Bulldogs coach hammers first-half performance

Border Bulldogs coach Lumumba Currie is not happy with how his team performed in the first half.
DISAPPOINTED: Border Bulldogs coach Lumumba Currie is not happy with how his team performed in the first half.

Head coach Lumumba Currie was left dumbfounded after the Border Bulldogs crashed to a 50-29 defeat at the hands of SWD Eagles in the Currie Cup First Division on Friday.  

A 24-3 deficit at halftime laid the foundation for the Eagles to achieve a comprehensive victory.

The scoreboard left Currie scratching his head, especially after his team had done so well in their win over the EP Elephants. 

Border drew first blood in the first half through a penalty goal from Litha Nkula, but from there on in it was an onslaught from SWD, the side from George running in four tries before halftime. 

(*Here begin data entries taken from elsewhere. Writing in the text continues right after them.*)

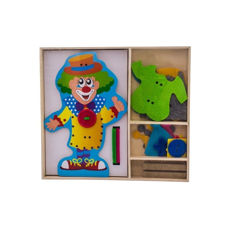 Drewniany Klaun to super zabawka dla dziecka. Dzięki niej twój maluszek nauczy się dopasowywać oraz nawlekać różne elementy tj.: guziki, ubranka. Zabawka rozwija koordynację wzrokowo ruchową ćwicząc precyzję ruchu. Wymiary: 26x17 cm Ilość elementów: 5 kolorowych ubranek 4 czapki 6 guzików 2 sznurówki 1 klaun 1 stojak Wiek: 18m+
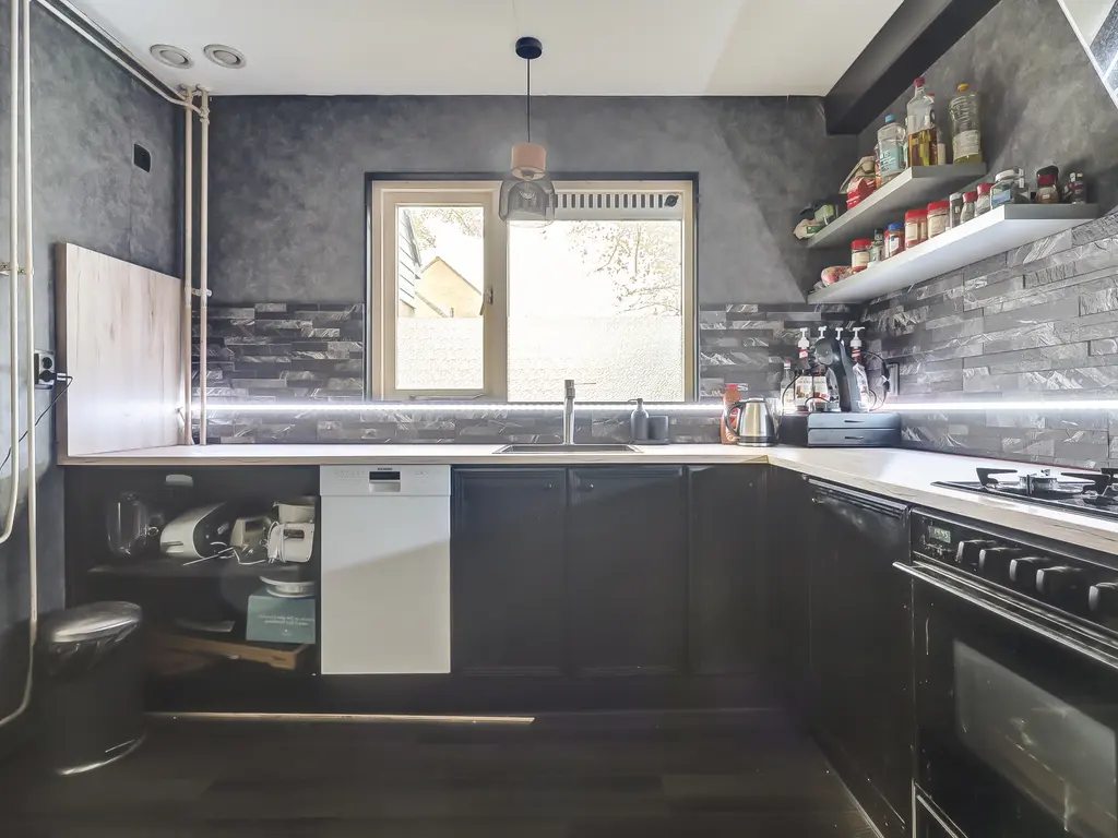 De open keuken aan de voorzijde heeft een praktische hoekopstelling en is uitgerust met diverse inbouwapparatuur, waaronder een koelkast, vriezer, vaatwasser, gaskookplaat, afzuigkap en oven.
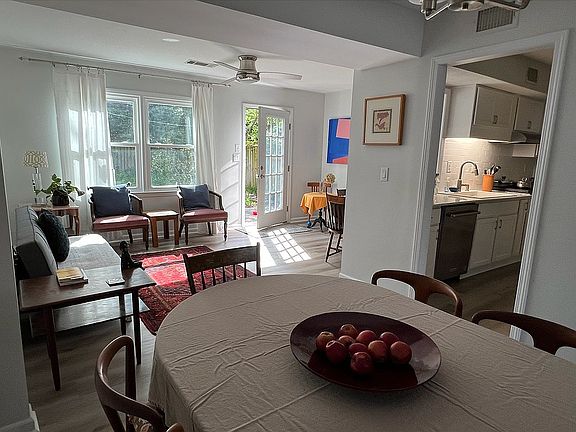 Completely renovated townhouse, walking distance from downtown, with Tiger Transit bus stop steps away. Beautiful neighborhood with no HOA fees. Three bedrooms, 2.5 bathrooms and large living area that opens up into sun room and breakfast nook, perfect for entertaining. Ample storage space--each bedroom is equipped with walk-in closet. Main bedroom has en suite bathroom with linen closet. In addition, there is a large utility room, hallway closet and newly rebuilt tool shed. All new flooring in LVP throughout the house, except for two bathrooms with tile floors. Staircase is in hand-painted oak. New windows, front and back doors, ceiling fans, light fixtures, fenced backyard with new privacy fence and porch lights. Brand new Kitchen has white cabinets and subway tile, stainless steel appliances and light fixtures and granite countertop. Brand new AC unit and furnace. Electrical system has been updated and extra insulation in the attic reduces energy bills. Townhouse is sold fully furnished, including artwork--it is ready to move in or rent out.
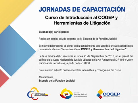 Estimados Lacralo Favor considerar mis disculpas ya que me encuentro a esa misma hora, por dos semanas, en un taller de capacitación con el Consejo Nacional de la Judicatura sobre el nuevo código orgánico general de procesos que cambia radicalmente el sistema de litigación civil en el Ecuador, transformando al anacrónico sistema escrito en uno: 100% oral, público, basado en audiencias y sustentado sobre evidencia o prueba. Gracias por su comprensión. Atte Diego Acosta Bastidas El 22 de septiembre de 2015, 5:43, DIEGO ALFONSO ACOSTA BASTIDAS < dacostabastidas@dtech.ec> escribió:
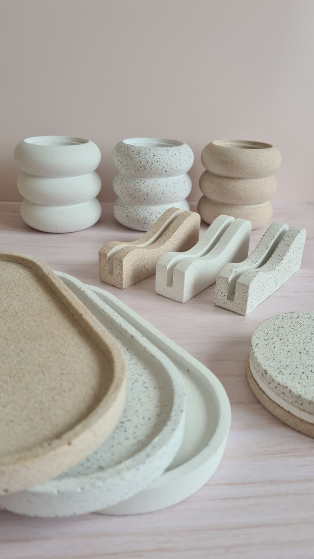 Un petit socle artisanal en jesmonite, pensé pour accueillir tes cartes de visite, une citation inspirante ou une photo qui t’accompagne au quotidien.
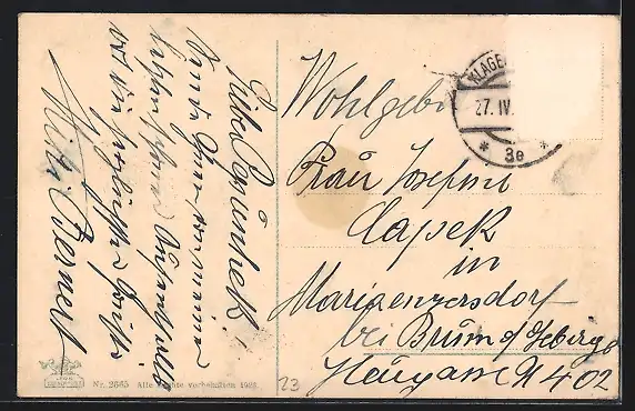 alte Ansichtskarte, gelaufen, Briefmarke entfernt, rückseitig Oberflächenschaden, Stempelspur, guter Zustand
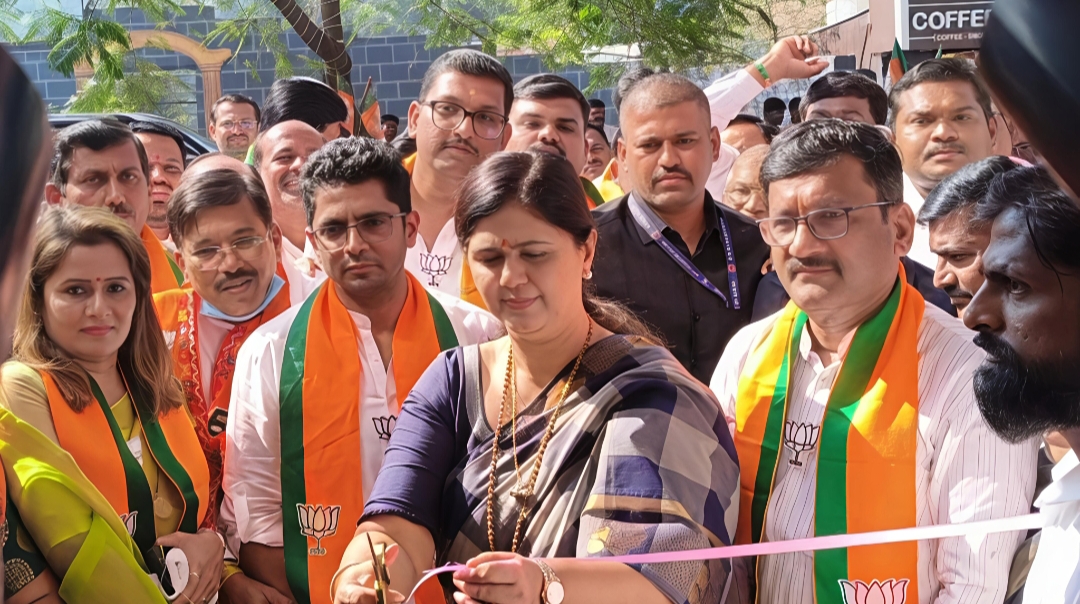 भाजपच्या उमेदवाराच्या प्रचार कार्यालयाचा पंकजा मुंडेंच्या हस्ते शुभारंभ.

Currie cut a deflated figure when giving an account of the first stanza display in his post-match interview. 

“The first half, to be honest, is where we lost the game. We lost the game by not doing what we were supposed to do,” Currie said. 

“We never put the opposition under pressure in the first half. Yes, we looked threatening; there were two line breaks that we had and they were supposed to be 14 points, but the decisions in the last two passes were a problem. 

“We could have gone to the interval with 20 points. It was a challenge for us.

“SWD wanted it more than us; they gave it their best shot from the first whistle. 

“The difference between us and them: They looked sharp, all they wanted to do is go over the try line, and they kept us at bay,” Currie said. 

While continuing to dissect their uninspired first-half showing, Currie said his side had lacked discipline in execution and decision making, something he had been trying to get across his players this season. 

“It comes to discipline when you sum it up — discipline when you don’t do what you’re required to do at the time you’re required to do it,”  he said. 

“It becomes a disciplinary issue, such as decisions of not releasing the ball, or trying to kick whereas there was no need to kick, you could have kept possession and moved to another phase. 

“In the first half it was our own doing, hence we had that type of result and it became very difficult to come back.

“We were now playing catch up; there’s no way you’re going to win a rugby game playing catch up,” Currie said.

In the second half the Bulldogs gave an improved performance and managed to match SWD blow-by-blow , each team scoring four tries.

Border’s 26 points came from tries by Sipho Nofemele, Ayabonga Nonboyo and Sonwabiso Mqalo.

Those four tries got the Bulldogs a log point, leaving them with six points on the table, level with SWD and the EP Elephants.

Currie did commend the attitude shown in the second stanza, even though it was a little too late. 

“The belief was there in the second half. The game is not over until the last minute, hence we were able to get 26 points. It wasn't fluke or luck, we worked for them, we worked very hard for them.  

“That shows that if we play we can be devastating.

“We only took a decision in the last 20-25 minutes to play. That’s where we started playing and were able to put the opposition under pressure.”